I don't understand exactly how to begin the analysis or what the process might look like. I do have some useful packages like DESeq2 and NMF to help me, but I'm having a hard time understanding the relationship between differential analysis and hierarchical clustering.

From what I understand, differential analysis focuses on finding differences between groups... However, my data lacks all grouping information; I've been told to use NMF, but that causes me problems with memory usage and such, and I don't understand exactly how it works...

Hierarchical clustering sounds similar to differential analysis in terms of how it categorizes things, but I was told it was not very robust and trustworthy.

I feel like I need to ask a deeper question, but I don't know much about statistics, period. I'm just a simple freshmen/sophomore in college, and I'm clueless. Can anyone give me a hand?


1 Answer 1


My understanding of non-negative matrix factorization (NMF, always spell out your acronyms) is that it produces groups for you. When you approximate a matrix V by W times H, the H matrix contains information about which clusters each of the columns of V contributes to. From the Wikipedia page for NMF: "If H_kj > 0, that fact indicates input data v_j belongs/assigned to kth cluster". They also mention that NMF is roughly equivalent not to hierarchical clustering, but to K-means clustering (https://en.wikipedia.org/wiki/K-means_clustering). The key to hierarchical clustering is the hierarchy: elements belong to groups, which belong to larger groups, and so on. Here, you just want to divide the dataset into a manageable number of groups to look at. NMF is just one way to cluster the data.

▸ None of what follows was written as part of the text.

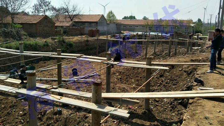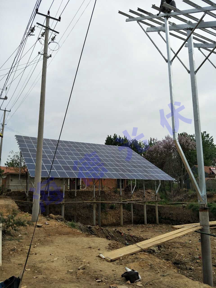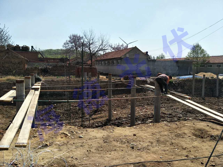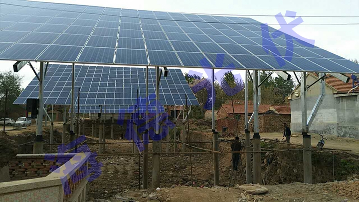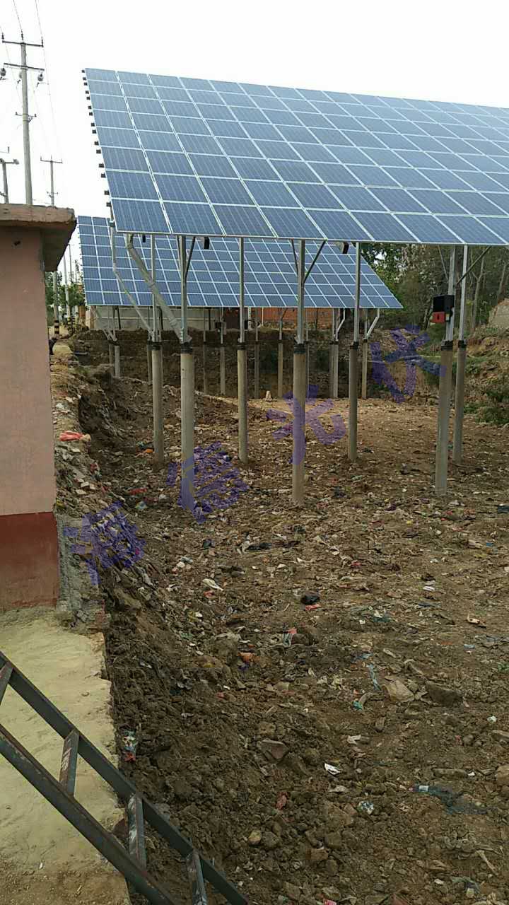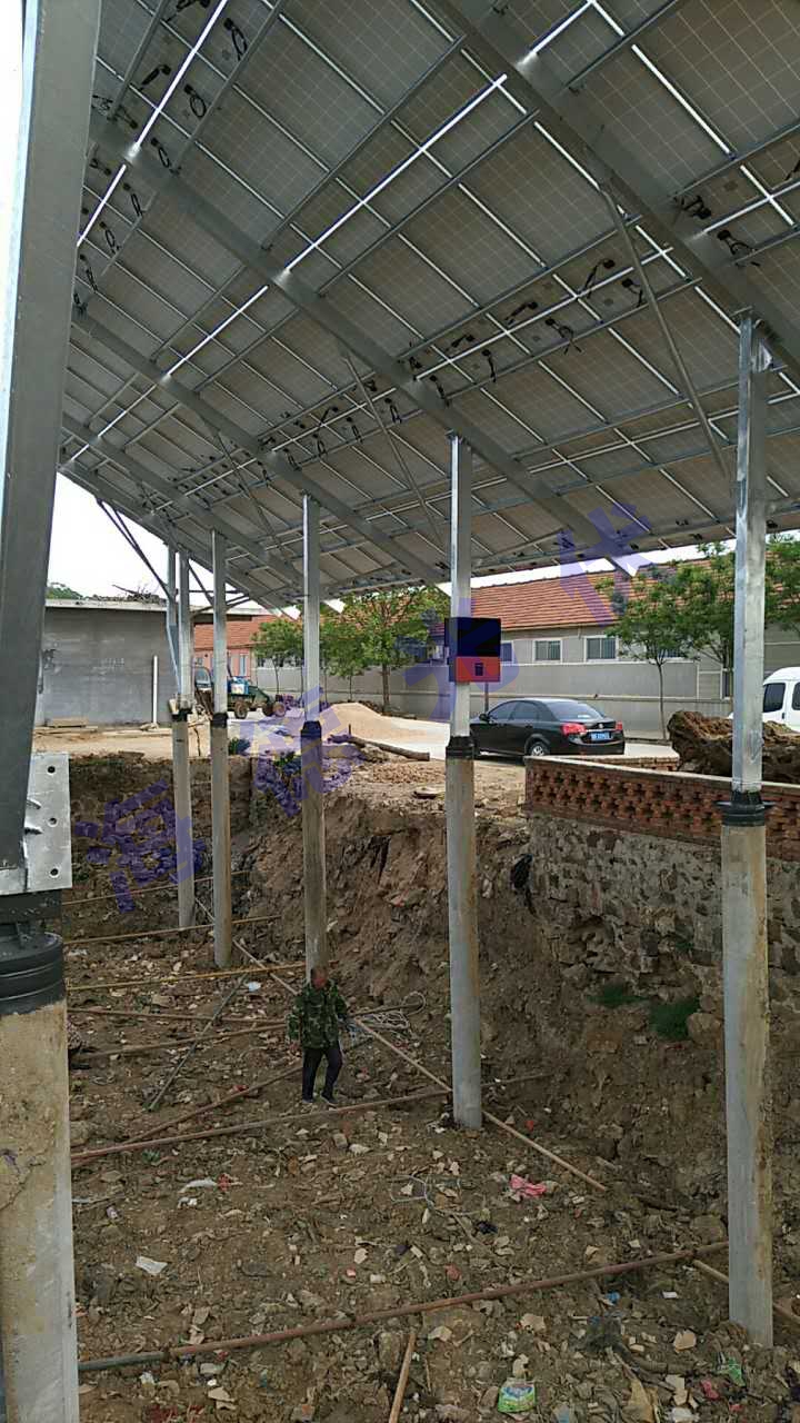 該光伏扶貧工程工地位于一個(gè)廢棄干涸的池塘內(nèi),整個(gè)池塘深度在3米左右。池塘兩側(cè)均為民房,為了防止光伏電站的采光受到兩側(cè)民房的阻擋而影響發(fā)電效果,在設(shè)計(jì)之初,就將整個(gè)光伏電站的高度整體拉高,池塘底部打樁,伸出地上的樁體高度達(dá)到4米,而深入地下的樁體長度同樣達(dá)到4米以上。

Without knowing more about your biology work, I would suggest the following. If you can grab a memory-manageable dataset, use just that -- maybe 1,000 samples on 10 genes -- to get used to the techniques. Perform NMF, read up on what it means, and then dive into your full dataset. Someone around here should be able to point you to big-data algorithms for NMF, but I'm not the right person for that...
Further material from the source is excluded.